Quant au préjudice moral, elle considère que la société CBA ne démontre pas que son image serait remise en cause sur le marché, ni que de potentiels acquéreurs seraient découragés, en raison de l’absence d’authenticité d’une œuvre qu’elle a vendu à un acheteur en Chine.
Sur la demande d’expertise, elle s’y oppose en ce que son prononcé aboutirait à suppléer la carence des parties dans l’administration de la preuve.
Sur la demande en résolution de la vente, elle s’y oppose également, rappelant les développements énoncés au soutien de la question de la nullité de la vente et estimant que la société CBA ne démontre pas l’absence de conformité de l’objet aux caractéristiques présentées lors de la vente.
Si la vente de la sculpture litigieuse devait être résolue, la société [N] indique accepter de rembourser les frais de vente, soit la somme de 5 752,50 €, mais s’oppose au versement d’une somme additionnelle tirée de l’engagement de sa responsabilité pour les mêmes raison que celles exposées précédemment.
Décision du 5 février 2026
4ème chambre 2ème section
N° RG 23/07938 – N° Portalis 352J-W-B7H-CZ3KX
Sur la demande d’appel en garantie formée par la société MDM, elle soutient que la restitution à laquelle un contractant est condamné à la suite de l’annulation d’un contrat, ne constitue pas par elle-même un préjudice indemnisable et que la société MDM ne peut pas l’appeler en garantie, alors que la sculpture litigieuse qu’elle lui a confiée en vue de sa vente aux enchères publiques, n’a jamais été une œuvre authentique de [O].
Pour un complet exposé des faits, des prétentions et des moyens des parties, il est expressément renvoyé aux dernières écritures régulièrement communiquées conformément aux dispositions de l’article 455 du code de procédure civile.

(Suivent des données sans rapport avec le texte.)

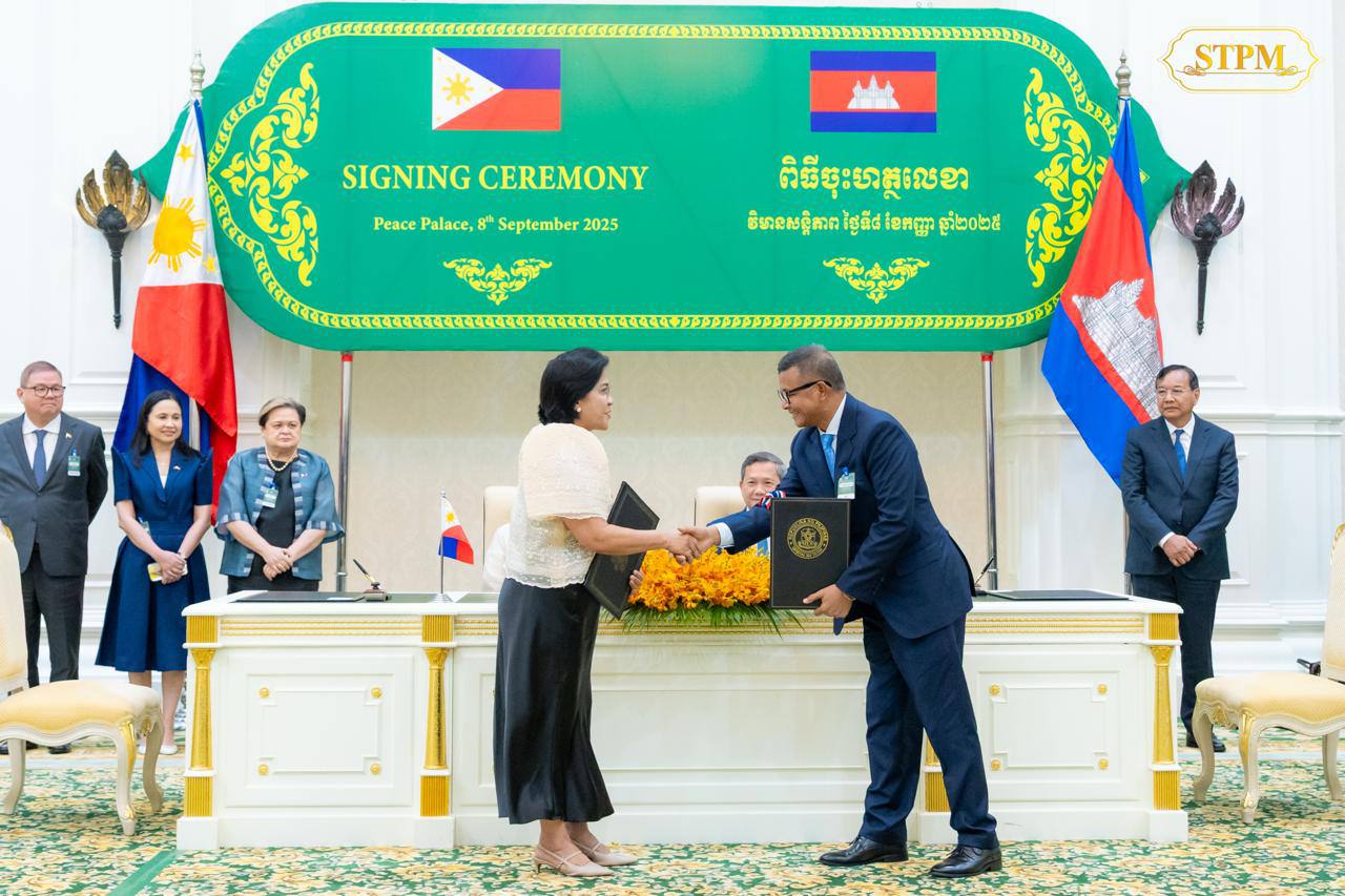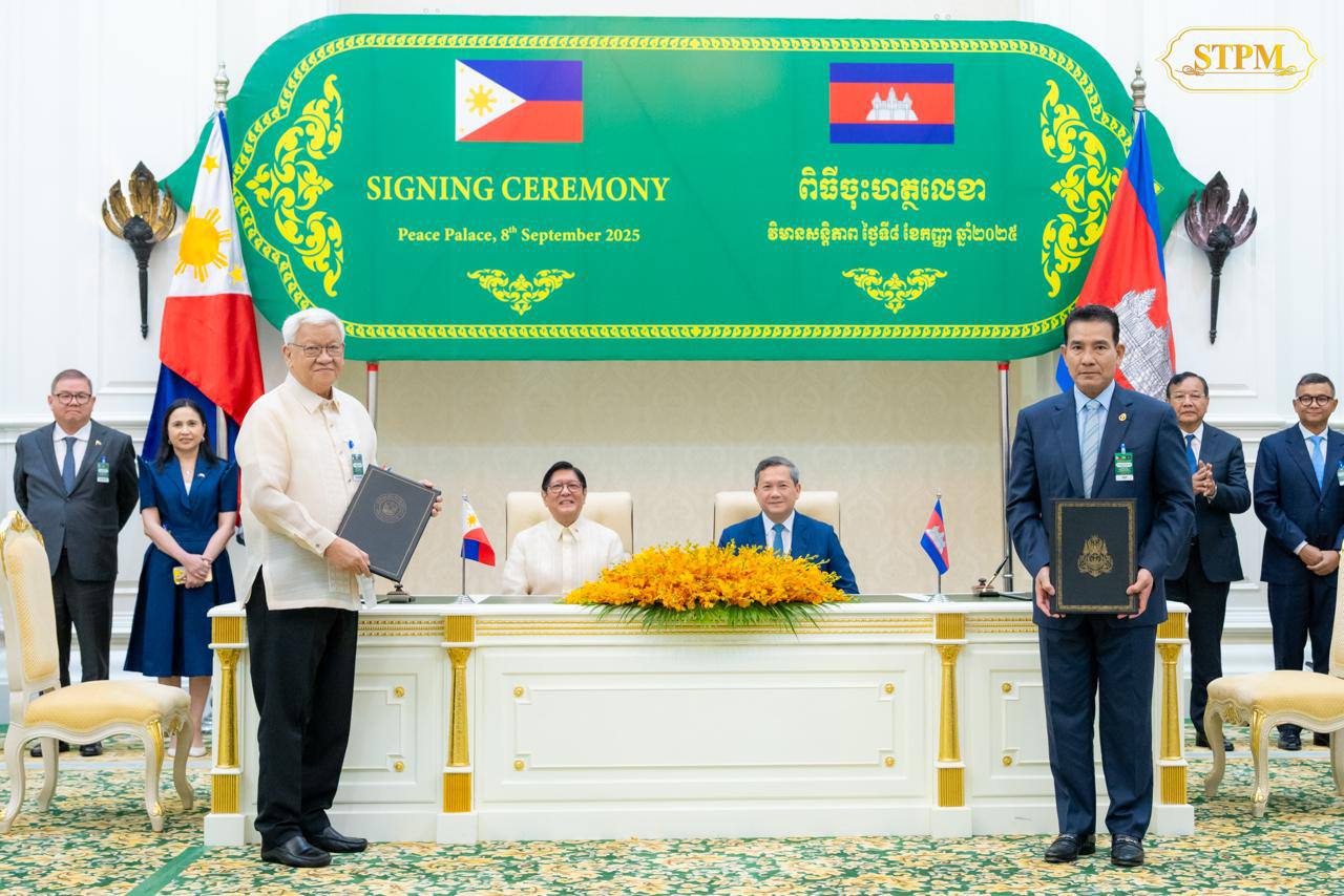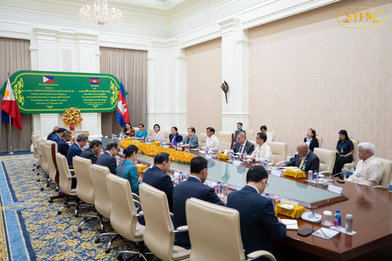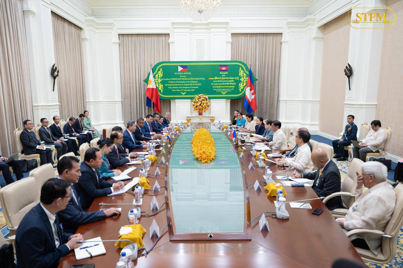 On the morning of 8 September 2025, at the Peace Palace, Samdech Moha Borvor Thipadei Hun Manet, Prime Minister of the Kingdom of Cambodia, held a bilateral meeting with His Excellency Ferdinand Romualdez Marcos Jr., President of the Republic of the Philippines, and his high-level delegation during their state visit to the Kingdom of Cambodia from 7 to 9 September 2025.

La clôture a été rendue le 19 septembre 2024, par ordonnance du même jour. L’affaire a été audiencée le 20 novembre 2025 et mise en délibéré au 5 février 2026.
MOTIFS
À titre liminaire, il est rappelé qu’en procédure écrite, la juridiction n’est saisie que des seules demandes reprises au dispositif récapitulatif des dernières écritures régulièrement communiquées avant l’ordonnance de clôture et que les demandes de « donner acte », visant à « constater », « prononcer », « dire et juger » ou à « dire n’y avoir lieu » notamment, ne constituent pas nécessairement des prétentions saisissant le juge au sens de l’article 4 du code procédure civile dès lors qu’elles ne confèrent pas de droits spécifiques à la partie qui les requiert. Elles ne donneront donc pas forcément lieu à mention au dispositif du présent jugement.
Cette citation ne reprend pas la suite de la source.